Дайте им умереть
Шрифт:
— Не знаю, бабушка.
— Вот и я сейчас не знаю. А представлю, что отдала бы жучку-пустослову: сердце кровью течет, лучше уж руку или ногу, в коллекцию… Мне, дурище, и некому-то их передавать было: сын, девкин дед, мужик, ему нельзя; мамаша девкина, внучка моя, сама не пожелала — шарахнулась от ножиков, как от чумы!.. Думала — помру, попрошу со мной в могилку упрятать. Ан дудки, девка наша еще в пять лет нашла в каморе, вынула… я забрать хотела — ножики до тринадцати годков бабам Бобоваям не дают! — куда там, визг, рев, весь дом ходуном… Дала.
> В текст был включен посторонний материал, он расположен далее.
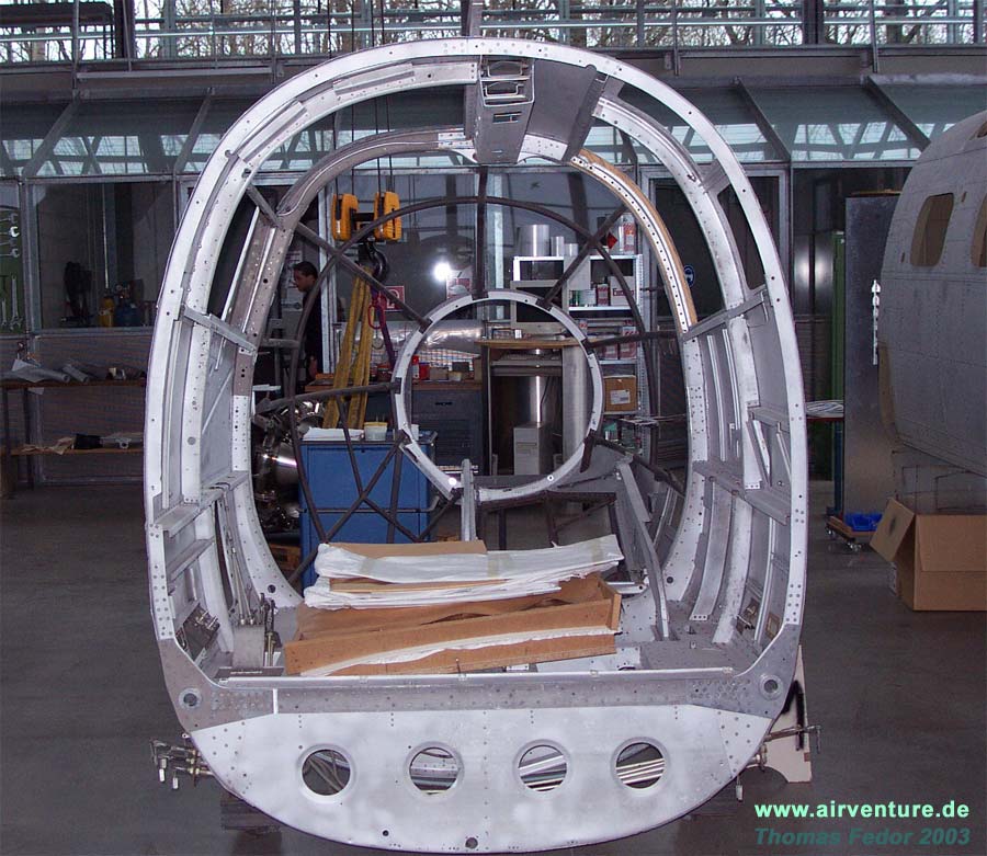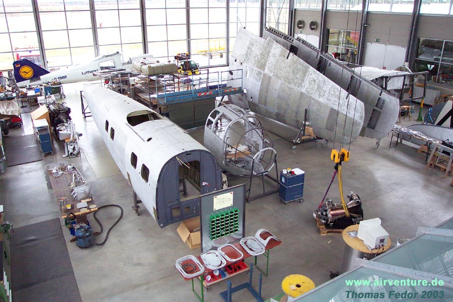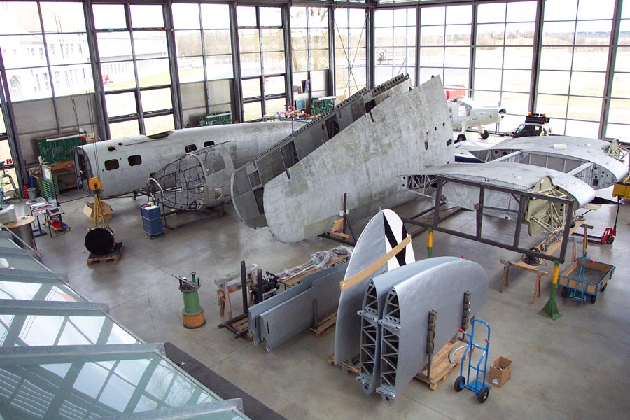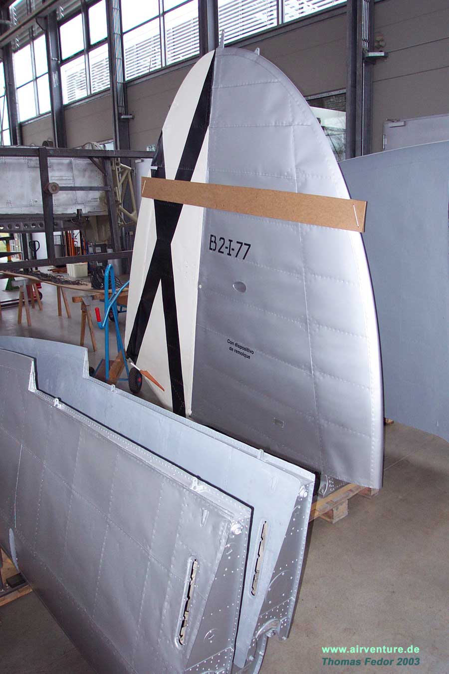 Restaurierungsarbeiten C.A.S.A 2111 in der Flugwerft Schleißheim - Februar 2004 |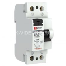 Выключатель дифференциального тока (УЗО) 2п 63А 30мА тип AC Basic электрон.EKF elcb-2-63-30e-sim

Пожалела. Все дети в песочке чуреки лепят, цурки-палки, дочки-матери, а моя с той поры особнячком: разве что веточку построгает, а так по закоулкам, ножики вертит-кидает! Куклы побоку, подруг разогнала, все
— Вот и Фаршедвард молотит: Сколопендра… И не стыдно вам, бабушка, девчонку таким образом звать? У меня б язык не повернулся!
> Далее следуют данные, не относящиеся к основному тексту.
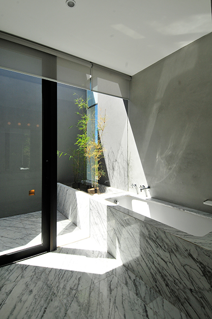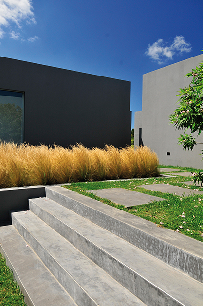 Líneas rectas y color gris grafito generan el ingreso a la vivienda mediante un interesante juego de desfasaje de los muros exteriores, que permite así filtrar la mirada de los curiosos que pasean por el lugar. Una vez dentro nos recibe un magnífico patio que conduce a diferentes áreas de la casa. La vivienda se ha estructurado en dos bloques conectados a través del jardín, donde se encuentran la barbacoa y la piscina. El primer bloque cuenta con el área social y las habitaciones para huéspedes. El segundo está formado por dos plantas, planta baja con gimnasio, sauna y un pequeño cine, mientras que en planta alta se ubica la suite principal, que cuenta con su propia terraza con vista al lago y al resto del barrio. Los techos altos de la vivienda y la luminosidad de la misma son puntos a destacar. Se ha abierto un patio en cada habitación, que se convierte en una fuente propia de luz natural y permite observar el paisaje que rodea el lugar. Salón, comedor y cocina con grandes ventanales hacia ambos lados, permiten una trasparencia total hacia el jardín y el lago. La piscina, diseñada con borde infinito, está conectada directamente con el jardín interior y el parrillero. Dentro de ella da la sensación que está suspendida en el aire y, gracias a su estratégica ubicación, se pueden tener vistas a toda la casa y el entorno.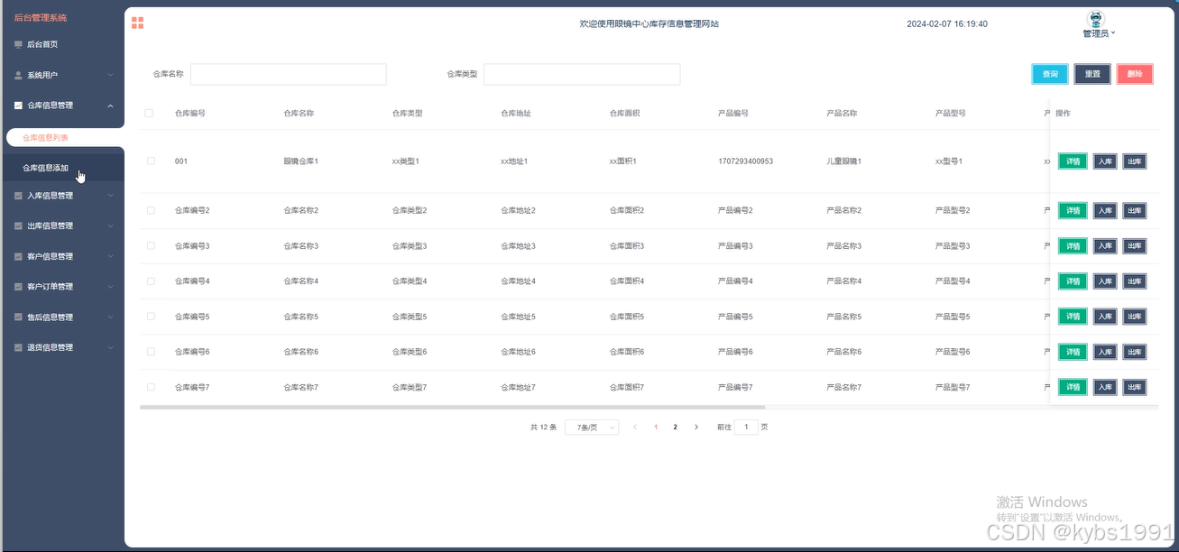 关键词:眼镜中心库存信息管理网站;springboot框架;Vue.js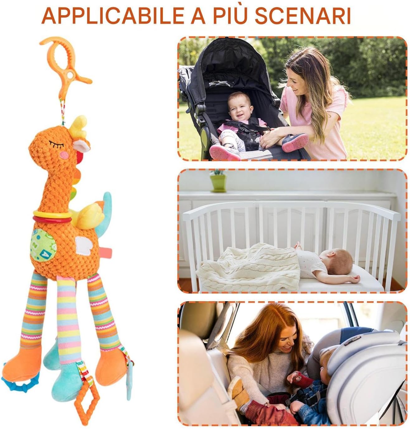 Compatibilità Versatile: Offre divertimento rilassante e intrattenimento coinvolgente con montaggio semplice su passeggini, seggiolini auto e lettini, soluzione pratica per tranquillità durante viaggi o relax Pensiero Premuroso: Scelta attenta per feste e compleanni, questi pratici giochi per passeggino bei momenti come regalo per persone care, familiari e amici nella tua vita Funzionale e Educativo: Il design a rotazione completa permette al sonaglio da passeggino di girare delicatamente con la brezza, creando melodie che stimolano lo sviluppo uditivo e visivo del neonato, promuovendo l'esplorazione sensoriale durante l'attività ludica. Rilassamento Sofficante: Il design accattivante del cervo attira l'attenzione dei contribuendo a rilassarli durante passeggiate e viaggi con il suo effetto rassicurante Materiali Sicuri: Realizzati in peluche morbido e imbottitura in cotone PP resistenti ai morsi, garantiscono sicurezza e durata nel per il tuo bambino durante l'utilizzo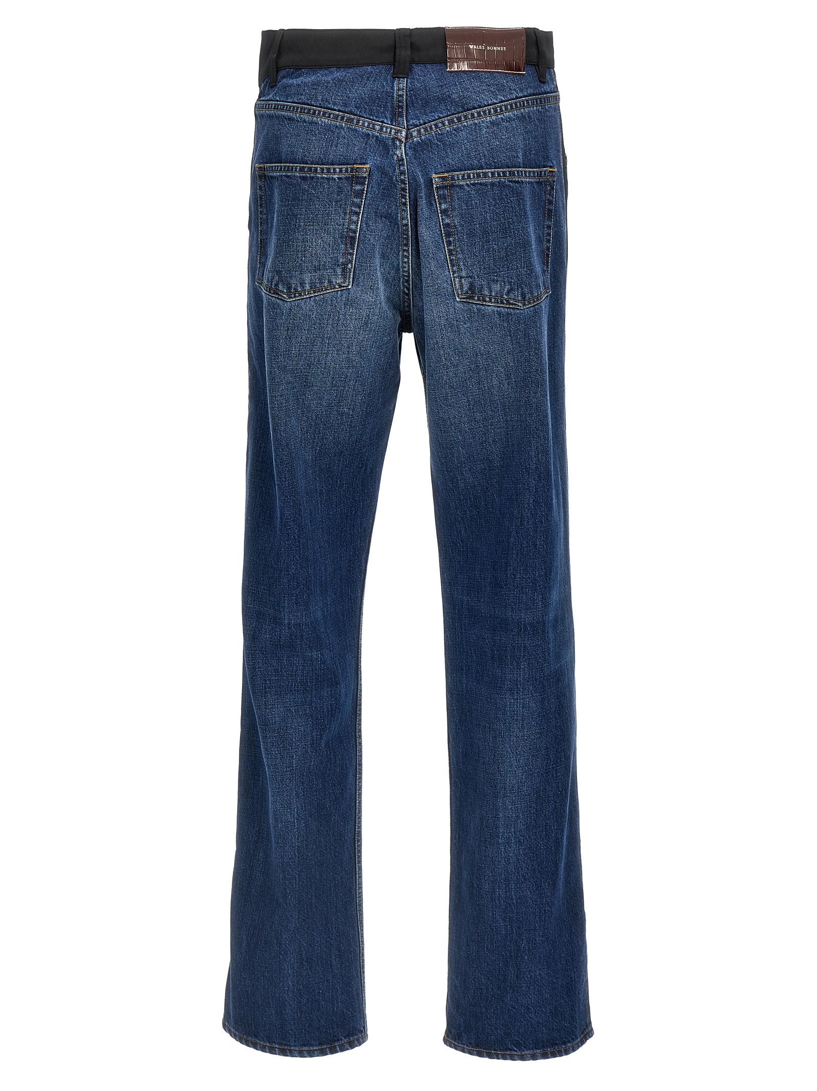 'Echo Denim' delavé cotton denim jeans with satin details, front logo embroidery, high waist, five pockets, button closure, straight leg, back logo tag.Характеристики товара

— Язык, гостенек, штука поворотливая! Тем паче что девку по жизни зовут — Ниру Бобовай, а Ниру по-мэйланьски и есть «сколопендра». Тварь ядовитая, слыхал небось… у нас в роду, почитай, каждая вторая — Ниру. Прапрабабка моя говаривала, когда рюмочку опрокидывала: от злых духов такие имена давали. Чтоб не цеплялись, ироды. Внучка моя, девкина мамаша, тоже сперва Ниру звалась, а как в совершеннолетие вошла, так явилась куда следует и переименовалась. Я еще гадала после: зачем она дочку-то нелюбимым имечком назвала? Только когда врачи постарались, резанули по живому, поняла… или сама себя обманываю, что поняла. Еще б знать, отчего девке это дело по душе? С десяти лет блажь в голову стукнула: спросит ее кто об имени, так хмыкнет и отвечает — Сколопендра. И роток на замок. Она вообще говорит мало. Словно не человек, а вещь стала, вроде ножиков. Предупреждала ведь девку, дура старая: нельзя ножевую перевязь на теле, почитай, бессъемно носить! Я-то предупреждала, а она… поди сними, Каренчик, — я над твоей могилкой поплачу, повою от души! Не пойдешь небось? То-то же…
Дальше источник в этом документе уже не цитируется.